▸ **WHAT TO DO**
Return the material below exactly, but only from the line with "Annual Subscription to" through the line with "Piano primo: camera", and without its pictures.

▸ **RECORDS FOR THIS EXERCISE**
**********

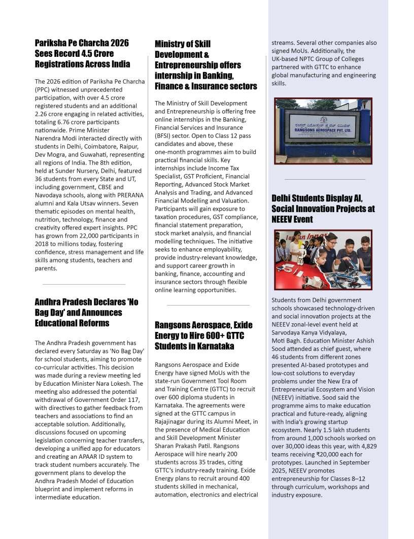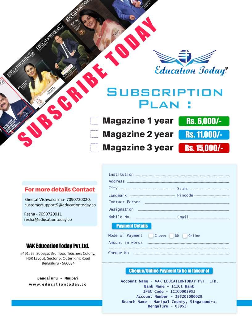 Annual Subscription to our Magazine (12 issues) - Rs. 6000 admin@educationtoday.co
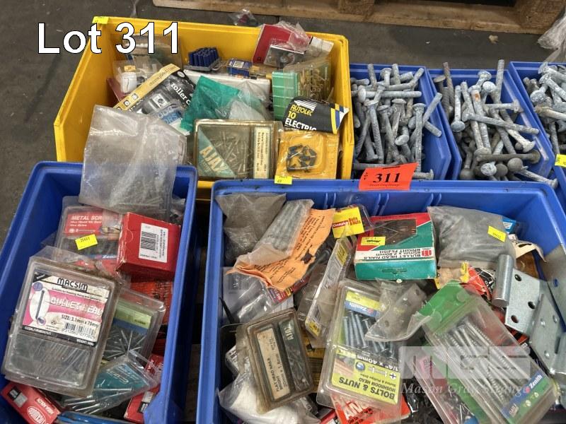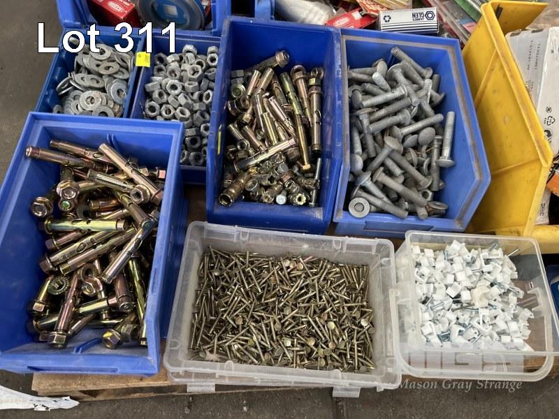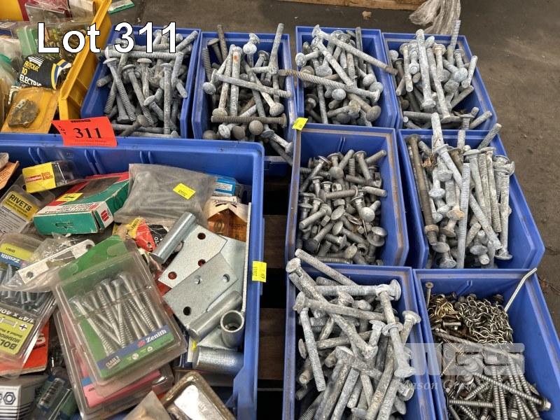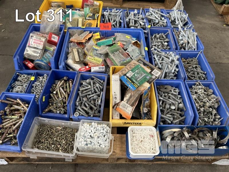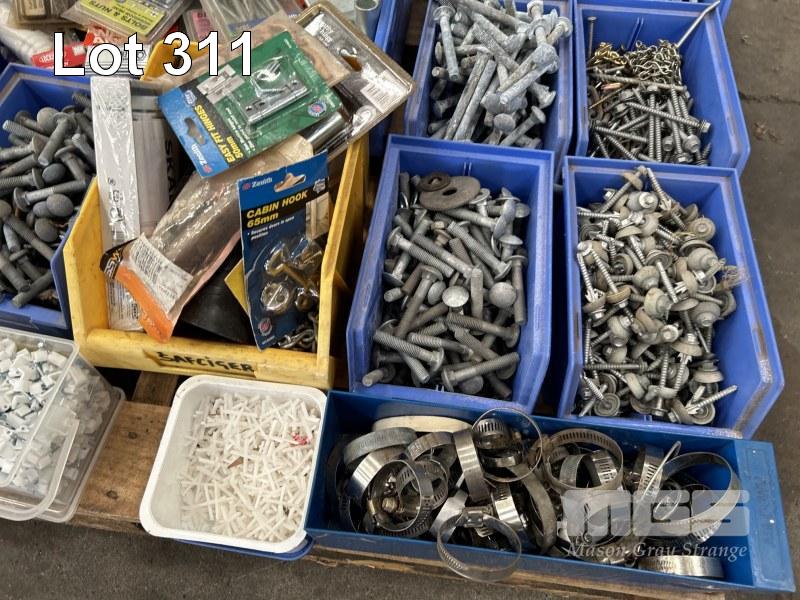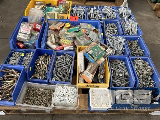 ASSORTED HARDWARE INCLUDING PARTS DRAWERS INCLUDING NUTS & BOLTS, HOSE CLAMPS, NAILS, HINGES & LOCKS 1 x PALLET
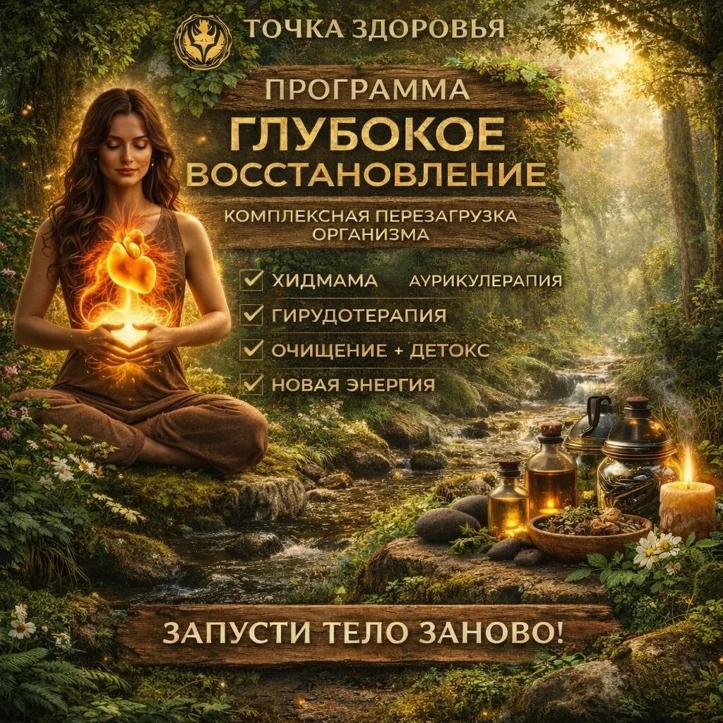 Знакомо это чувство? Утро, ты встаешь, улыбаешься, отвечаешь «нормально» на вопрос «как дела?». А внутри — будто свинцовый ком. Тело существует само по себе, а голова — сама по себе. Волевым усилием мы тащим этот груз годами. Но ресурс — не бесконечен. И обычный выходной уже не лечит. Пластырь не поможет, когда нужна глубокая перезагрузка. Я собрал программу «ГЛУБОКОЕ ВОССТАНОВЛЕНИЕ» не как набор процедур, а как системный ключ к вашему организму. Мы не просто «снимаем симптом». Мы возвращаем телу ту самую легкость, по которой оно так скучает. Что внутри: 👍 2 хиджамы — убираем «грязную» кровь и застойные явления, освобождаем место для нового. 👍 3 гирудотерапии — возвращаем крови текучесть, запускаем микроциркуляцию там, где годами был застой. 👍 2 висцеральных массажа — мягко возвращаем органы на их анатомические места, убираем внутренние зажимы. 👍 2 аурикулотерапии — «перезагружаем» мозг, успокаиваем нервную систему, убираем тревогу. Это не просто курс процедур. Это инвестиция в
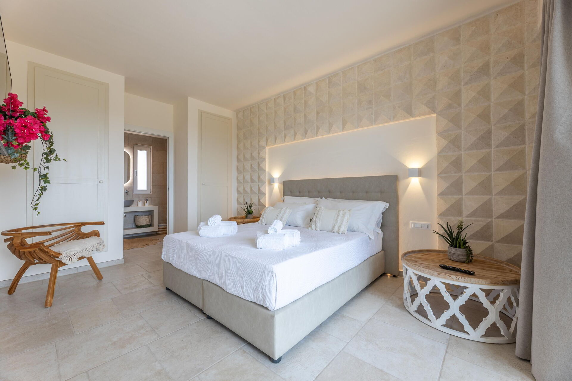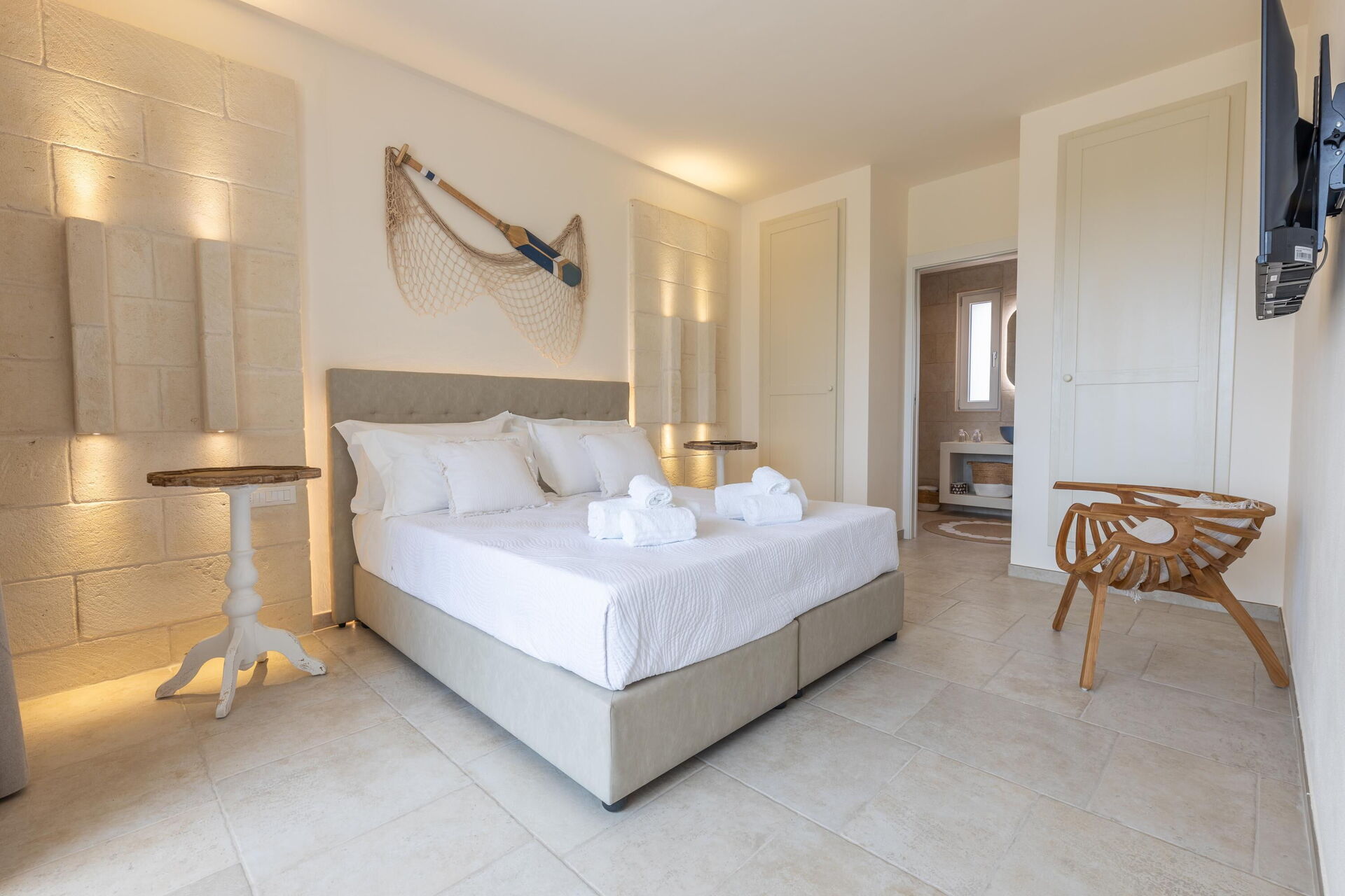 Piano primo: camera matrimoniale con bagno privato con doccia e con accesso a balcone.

**********

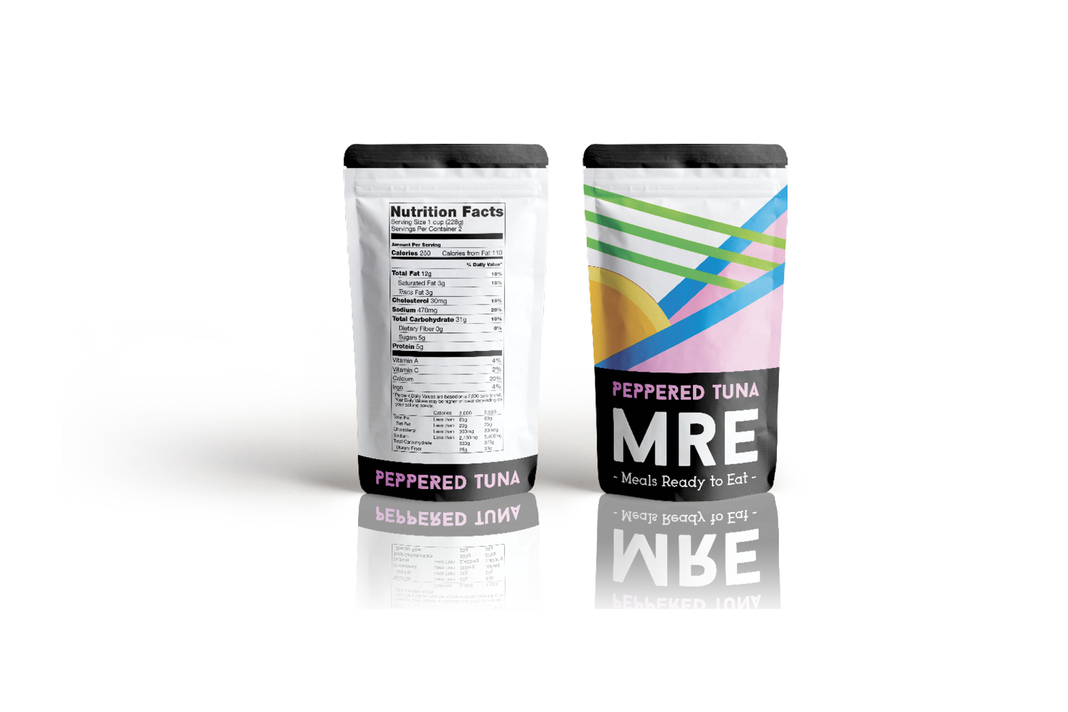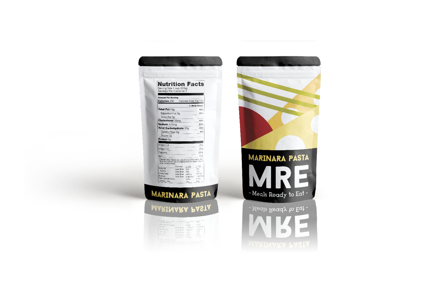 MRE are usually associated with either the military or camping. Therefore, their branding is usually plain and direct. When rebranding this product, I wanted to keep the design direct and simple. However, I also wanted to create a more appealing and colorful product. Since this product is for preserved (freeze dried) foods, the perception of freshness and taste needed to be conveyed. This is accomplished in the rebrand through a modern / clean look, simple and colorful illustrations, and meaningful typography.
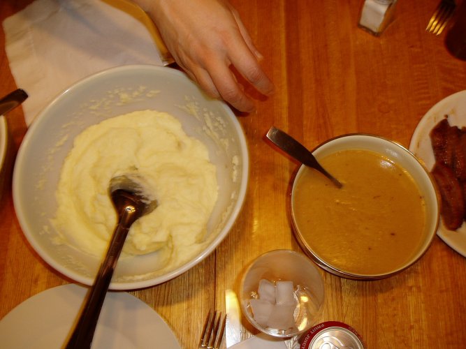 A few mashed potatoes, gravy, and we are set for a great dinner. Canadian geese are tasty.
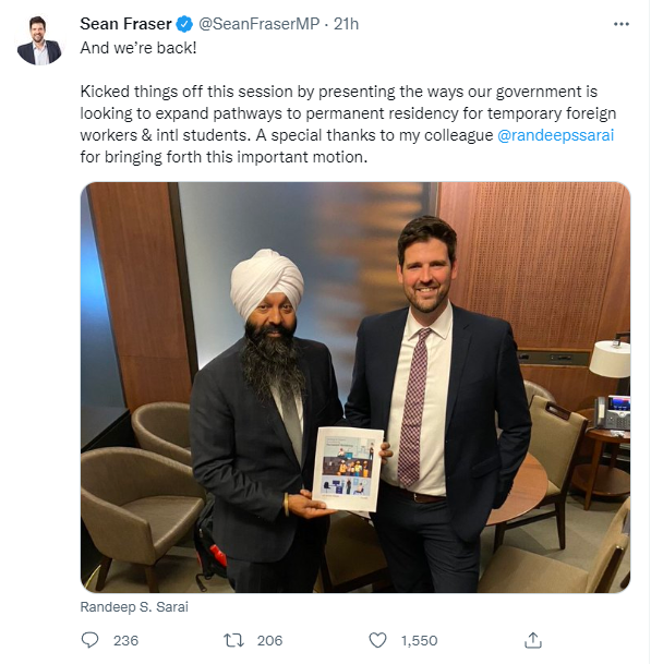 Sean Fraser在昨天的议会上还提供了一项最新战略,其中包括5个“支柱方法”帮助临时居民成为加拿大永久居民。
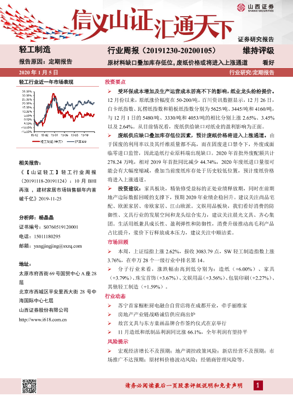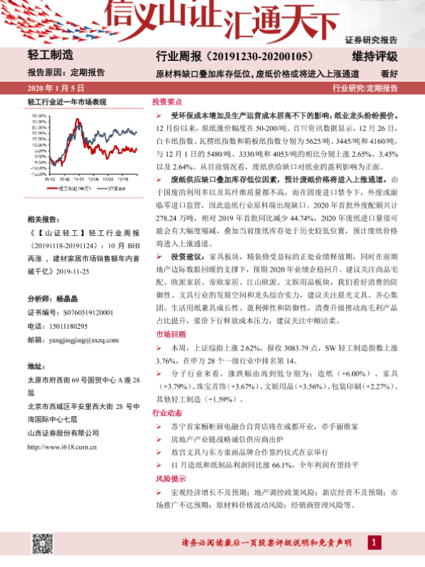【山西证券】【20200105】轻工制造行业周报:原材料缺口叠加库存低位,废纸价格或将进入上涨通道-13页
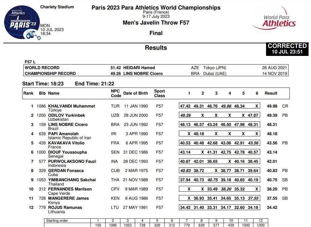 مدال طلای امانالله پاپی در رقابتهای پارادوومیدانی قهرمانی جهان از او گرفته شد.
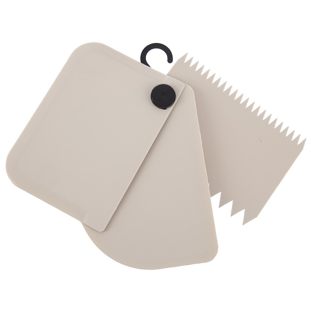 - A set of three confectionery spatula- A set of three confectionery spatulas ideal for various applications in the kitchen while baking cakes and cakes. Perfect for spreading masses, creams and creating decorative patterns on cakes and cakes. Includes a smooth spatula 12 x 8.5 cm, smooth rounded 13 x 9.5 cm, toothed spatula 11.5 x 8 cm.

**********

▸ **TASK SOLUTION**
 Annual Subscription to our Magazine (12 issues) - Rs. 6000 admin@educationtoday.co
 ASSORTED HARDWARE INCLUDING PARTS DRAWERS INCLUDING NUTS & BOLTS, HOSE CLAMPS, NAILS, HINGES & LOCKS 1 x PALLET
 Знакомо это чувство? Утро, ты встаешь, улыбаешься, отвечаешь «нормально» на вопрос «как дела?». А внутри — будто свинцовый ком. Тело существует само по себе, а голова — сама по себе. Волевым усилием мы тащим этот груз годами. Но ресурс — не бесконечен. И обычный выходной уже не лечит. Пластырь не поможет, когда нужна глубокая перезагрузка. Я собрал программу «ГЛУБОКОЕ ВОССТАНОВЛЕНИЕ» не как набор процедур, а как системный ключ к вашему организму. Мы не просто «снимаем симптом». Мы возвращаем телу ту самую легкость, по которой оно так скучает. Что внутри: 👍 2 хиджамы — убираем «грязную» кровь и застойные явления, освобождаем место для нового. 👍 3 гирудотерапии — возвращаем крови текучесть, запускаем микроциркуляцию там, где годами был застой. 👍 2 висцеральных массажа — мягко возвращаем органы на их анатомические места, убираем внутренние зажимы. 👍 2 аурикулотерапии — «перезагружаем» мозг, успокаиваем нервную систему, убираем тревогу. Это не просто курс процедур. Это инвестиция в
 Piano primo: camera matrimoniale con bagno privato con doccia e con accesso a balcone.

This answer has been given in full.